Actually, I don't think that at all. I think that since Briggs is almost never selected, he has an overpriced card. As the cost of his card is reduced, the demand for his card will increase. This correlation is true for almost all products and services except for the class of products and services that are termed "inelastic" (an example of an inelastic good is cancer treatment - healthy people won't take it for free but people who need it will pay almost any price). It is true that different owners think differently. If Briggs' cost were cut in half, I would not select him, but I think such a price cut would make him attractive to other owners. The concept of "equal aggregate demand" does not mean that all owners think identically but it means that the total demand summed over all owners is equal between any two selected players.

Why would we want a system where the star players are priced artificially low?
To stick with the 70s, this describes our current system.
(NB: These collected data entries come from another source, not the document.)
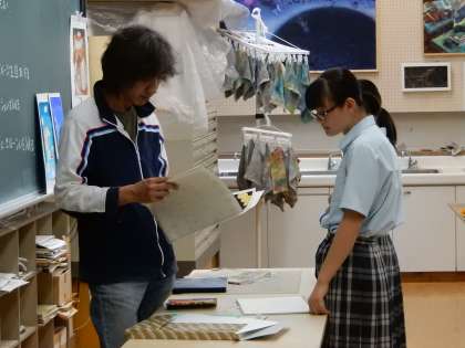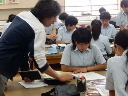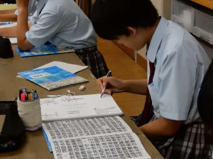1年生の美術です。絵文字の作製に励んでいます。先生のアドバイスを真剣に聞く様子が印象的です。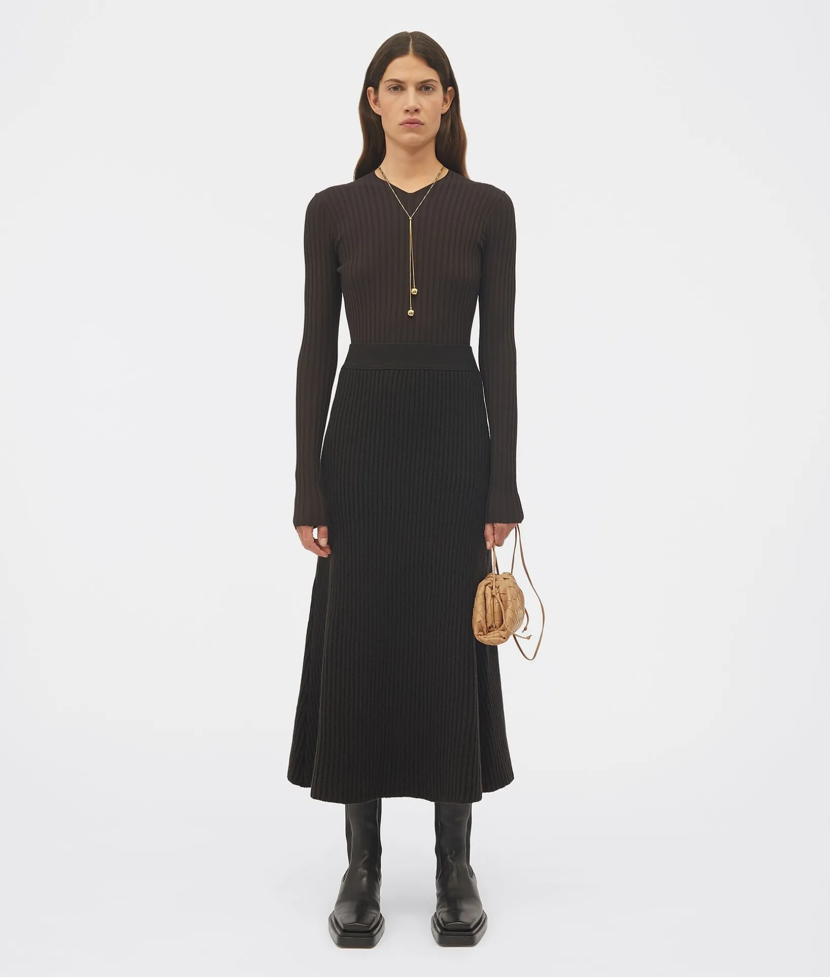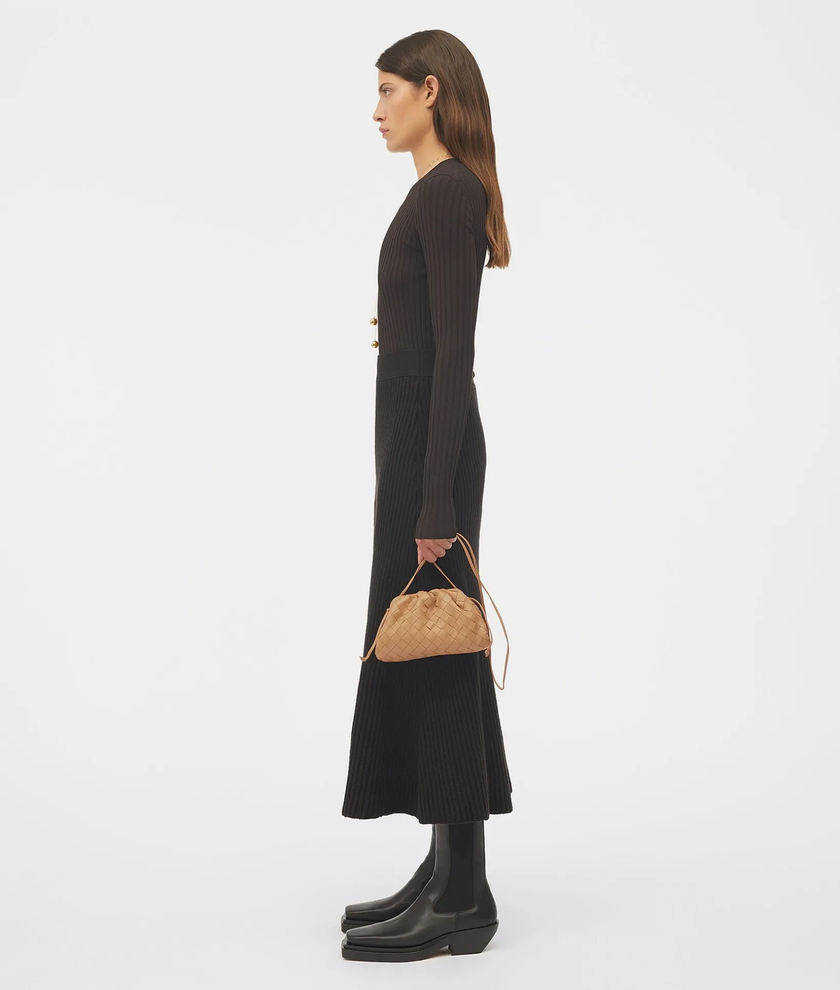 • Mini intrecciato leather clutch with strap
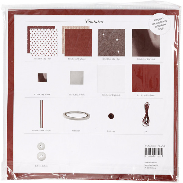 5 assorted sheets of design paper, 4 assorted sheets of plain paper, 22 assorted sheets of origami paper, 24 assorted paper star strips, 16 assorted glass and wooden beads, 8 x 2m waxed cotton cord, 5m double-sided adhesive tape.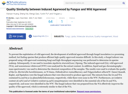 本研究为开发高效结香菌剂,提高沉香产量及品质促进人工沉香产业发展具有一定意义。相关研究成果以“Quality Similarity between Induced Agarwood by Fungus and Wild Agarwood”为题发表在《Journal of Agricultural and Food Chemistry》(农林科学1区TOP期刊,IF=6.1,封面文章)。我院林学硕士研究生黄满勤为论文的第一作者,符韵林教授为通讯作者,该研究得到国家自然科学基金面上项目(32171702)资助。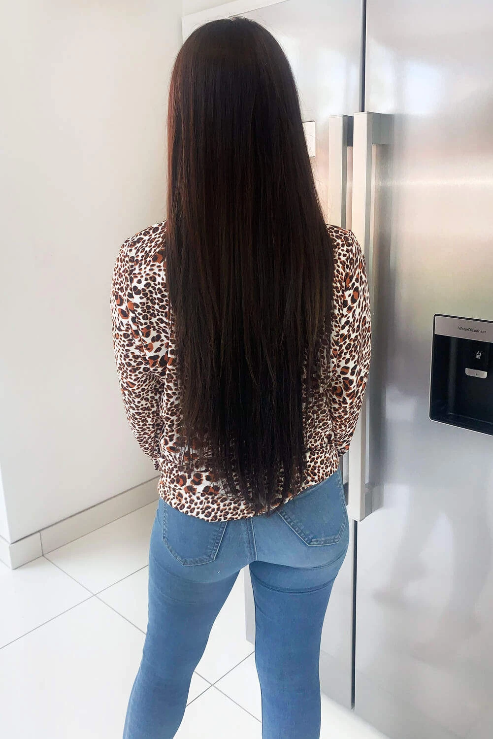 a leopard print pattern, long sleeves, a high ruffle neckline and a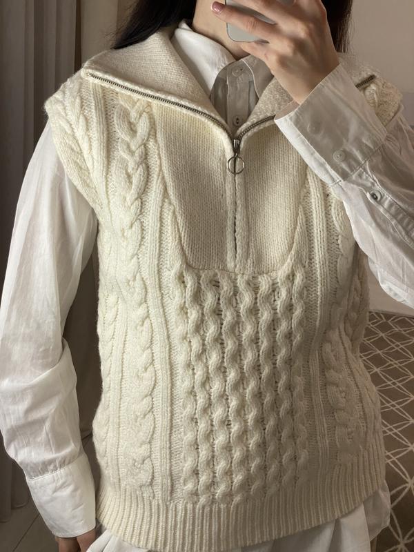 Розмір S Жилетка молочна, грубої вязки. Фасон вільний. Без дефектів. Стан ідеальний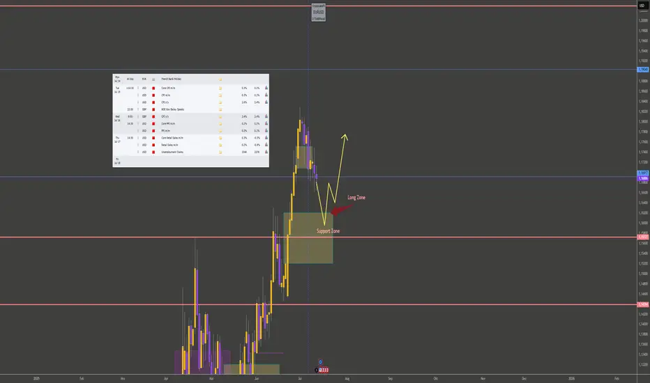 Ich möchte sehen, dass wir bis etwa Mittwoch in diese Zone eintauchen und dort klare bullische Reaktionen zeigen. Das wäre für mich ein Signal, um wieder Long im Euro zu gehen.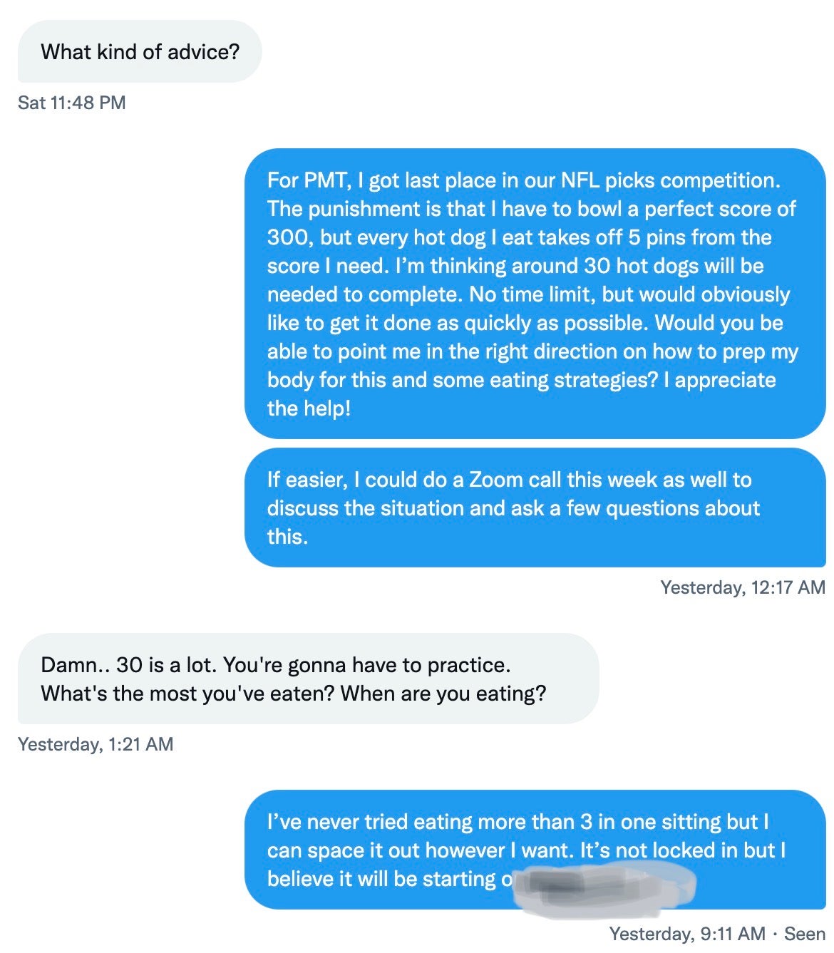 Strategy No. 2) The eating portion of this challenge will definitely be the toughest. I think a realistic score for me to bowl is 150 (if I am not sore), which would mean 30 hot dogs. That's an insane number (especially as someone with a VERY sensitive stomach), so without diving into it much, I'm hoping to be able to eat at least one hot dog per hour for 10 hours. Is that possible? I have no idea. We'll see the type of dogs that we are working with, but I'm hoping it's doable. To help make this process easier, I reached out to a man who knows a thing or two about eating a lot of hot dogs in one sitting…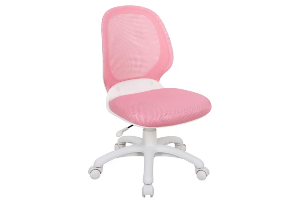 Moderní dětská židle k psacímu nebo PC stolu má bílou konstrukci vybavenou funkcí výškového nastavení. Očalouněna látkou ze síťoviny v barvě růžová.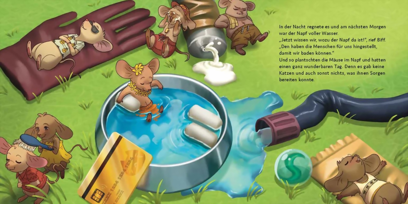Seit Ewigkeiten haben die Mäuse keine Katze mehr zu Gesicht bekommen. Ja, vielleicht sind Katzen nur eine Idee aus Gruselgeschichten? Wäre ein Leben ganz ohne Angst und Sorgen nicht viel schöner? Also beschließen die Mäuse, sich nicht mehr zu verstecken. Katzen sind abgeschafft!

At least on the hitter's side, most of the fan favorites are priced artificially low. In every single league, Stargell, Schmidt, Brett, Bench, are on somebody's team at the start of the season. If these stars were priced according to demand, they would cost more until they would be equally attractive (in the aggregate) to Andre Thornton (or Thornton would cost less). But I'm ok with this pricing because I'm a baseball fan and it is more fun for me to manage Pops instead of Thornton.

all managers don't think alike and will not move towards the collective of "aggregate demand" you said they would.
Again, here you misunderstand the term "aggregate demand." This term means the total demand summed over all individuals and does not mean that all individuals have the same preferences.